Ex-DeKalb commissioner Boyer will get full pension benefits

Ex-DeKalb commissioner Boyer will get full pension benefits

After apologizing to DeKalb County taxpayers for fleecing them through fraud schemes, ex-commissioner Elaine Boyer hit them up for more money.

Boyer has applied for her county retirement payments, and DeKalb’s pension board will grant her full benefits. That means the crooked former politician, who is 58, will collect tens of thousands of dollars a year for the rest of her life. The county could even be paying her while she’s in prison.

Under Georgia law, public officials and employees convicted of crimes related to their duties should have their benefits reduced by three times the economic impact of their misdeeds, which would have Boyer giving up nearly $300,000. But DeKalb’s attorneys determined she falls in a legal loophole.

So Boyer will get about $23,000 per year, starting with a check early next month for more than $3,800 to cover October and November.

“That is absurd,” said state Rep. Mike Jacobs, R-Brookhaven, who said he’ll look at closing the loophole in next year’s legislative session. “It is entirely appropriate for Elaine Boyer’s pension to be docked as restitution to DeKalb County taxpayers … Losing the pension entirely seems like an appropriate penalty.”

She still may have to give up some portion of her pension payments. Federal prosecutors could seek to garnish them as part of a court-ordered restitution plan. Her sentencing is scheduled Dec. 3, and she faces about one to two years in prison.

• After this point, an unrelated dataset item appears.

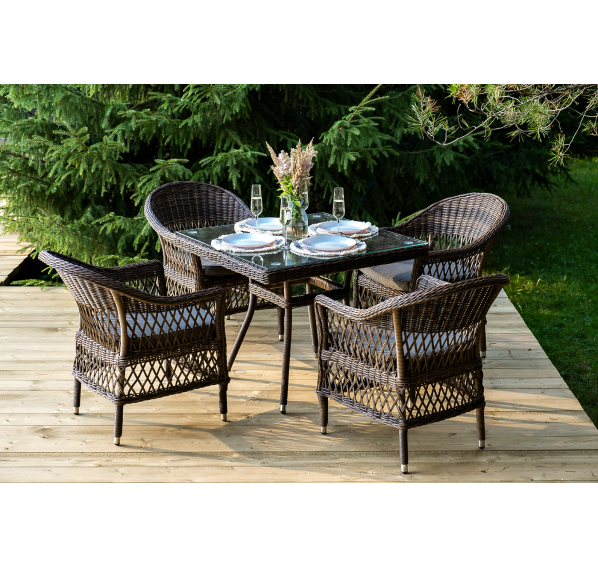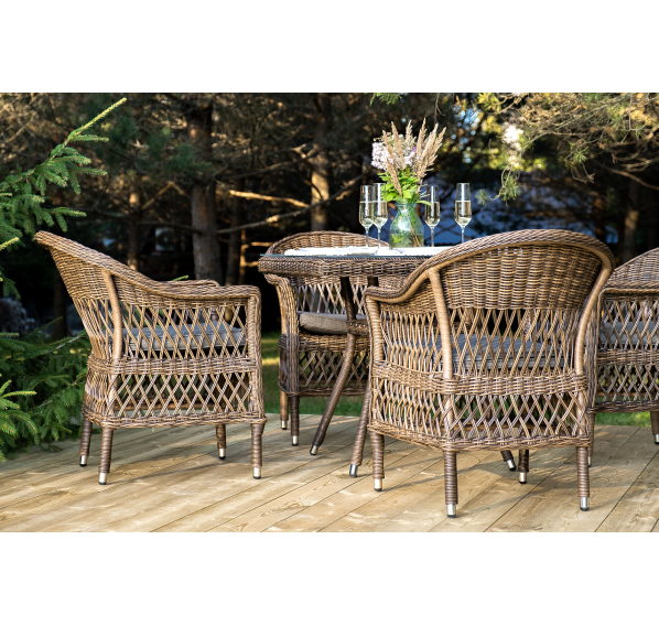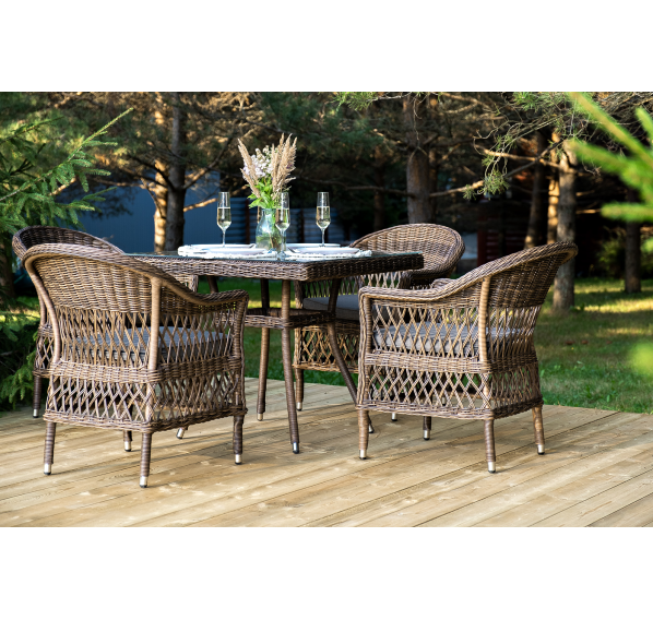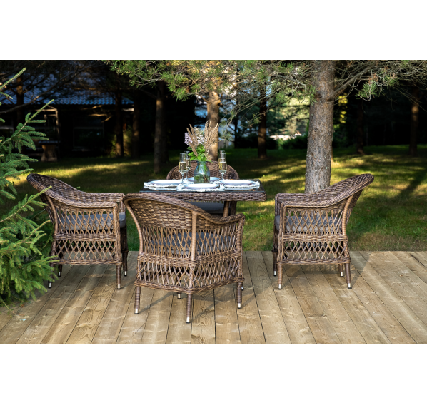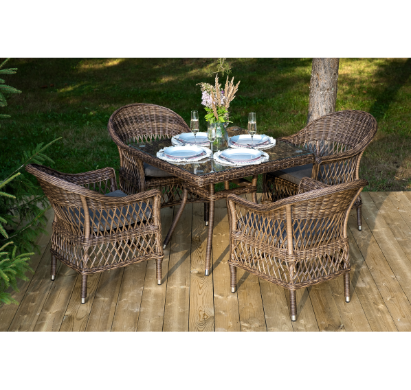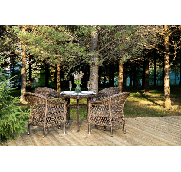 Комплект «Сицилия» - это обеденная группа из искусственного ротанга, которая рассчитана на 4 персоны.

Boyer’s attorney, Jeff Brickman, said if she does get prison time, restitution would likely begin afterward while she’s on supervised release. “She’s continued to accept responsibility for what she did, and is cooperating with the investigation,” he said.

Boyer applied for her pension Sept. 24, documents obtained by Channel 2 Action News show. That was about a month after she resigned and confessed to both a kickback scheme that netted more than $78,000 and abuse of her county-issued Visa card, which she used to run up more than $15,000 in personal purchases.

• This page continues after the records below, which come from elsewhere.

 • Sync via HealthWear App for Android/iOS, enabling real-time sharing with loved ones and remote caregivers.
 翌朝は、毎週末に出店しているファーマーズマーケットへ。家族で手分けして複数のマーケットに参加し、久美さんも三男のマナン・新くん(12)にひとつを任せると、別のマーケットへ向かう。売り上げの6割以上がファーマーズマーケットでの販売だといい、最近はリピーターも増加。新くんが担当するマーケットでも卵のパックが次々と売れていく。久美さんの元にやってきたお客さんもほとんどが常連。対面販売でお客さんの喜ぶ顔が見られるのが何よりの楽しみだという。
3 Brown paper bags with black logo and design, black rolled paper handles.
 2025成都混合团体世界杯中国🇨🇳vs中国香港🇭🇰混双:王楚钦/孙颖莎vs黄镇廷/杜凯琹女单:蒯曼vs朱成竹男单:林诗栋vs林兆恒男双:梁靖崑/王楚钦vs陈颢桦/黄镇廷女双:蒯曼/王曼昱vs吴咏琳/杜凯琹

After the pension board got her paperwork, it asked its own legal counsel and the DeKalb County Law Department for advice. The conclusion was that state law regarding pension forfeiture did not apply to eliminate or reduce Boyer’s pension, county spokesman Burke Brennan told The Atlanta Journal-Constitution in an email.

The law calls for forfeiture for specified state felony convictions for any employee and for federal convictions for those who joined a public retirement system after July 1, 2008. Boyer, who pleaded guilty to federal felonies, joined long before that date.

Brennan also noted that both the county and employees contribute to the pension fund.

Edmund Wall, chairman of the DeKalb Employees Retirement Fund, has not returned calls from the AJC for weeks. Another board member contacted Wednesday would not discuss the matter.

“I’m not telling you anything,” retiree representative Robert L. Roberston said, soon before hanging up on a reporter.

Attorney Allen Buckley, an expert on pension benefits, said there’s little board members can do if the law is clear cut. If they withhold payments, and Boyer successfully sues, the county could be on the hook for attorney’s fees, he said.

Taxpayers are losing big on the deal, said Viola Davis, a south DeKalb resident who leads the DeKalb Unhappy Taxpayer and Voter group. Even if Boyer pays restitution, it would likely cover only the purchasing card and kickback schemes uncovered by the FBI, not what might turn up in an exhaustive audit of the past decade of Boyer’s spending.

Also vexing, Davis said, is that taxpayers might be making pension payments to former employees implicated, but not charged, in the investigation that led to suspended CEO Burrell Ellis’ prosecution. A jury is deliberating whether he illegally strong-armed vendors into giving him campaign donations. Former purchasing chief Kelvin Walton, the star witness against Ellis and an admitted liar, is reportedly under federal investigation on allegations of receiving cash payments from a sewer contractor.

“Believe me, I’ve run into people who are just totally disgusted with the whole way this process is working out,” Davis said. “I mean, we’re going to be paying them, despite all the wrong they’ve done.”

Boyer, who was the commission’s only Republican and its longest serving member, postured herself for decades as its watchdog over public spending.

Yet for years she used her county purchasing card to pay for family airline tickets, rental cars, personal cell phone expenses and a ski resort booking, an investigation by the AJC earlier this year found.

She made the purchases while she and her husband, John Boyer, were going through dire financial problems, having lost their Stone Mountain strip mall to foreclosure and eventually losing their Smoke Rise home as well. In all, the AJC found she ran up about $16,800 in personal expenses on the card, which she and her husband have since paid back.

The FBI began investigating and discovered a kickback scheme. The AJC’s continuing investigation identified the ruse as well, with Boyer using phony invoices to funnel more than $83,000 to evangelist Rooks Boynton, who posed as her legislative affairs consultant.

He deposited close to $60,000 into the commissioner’s personal bank account and kept the rest for himself, according to court documents. Boynton has not been charged.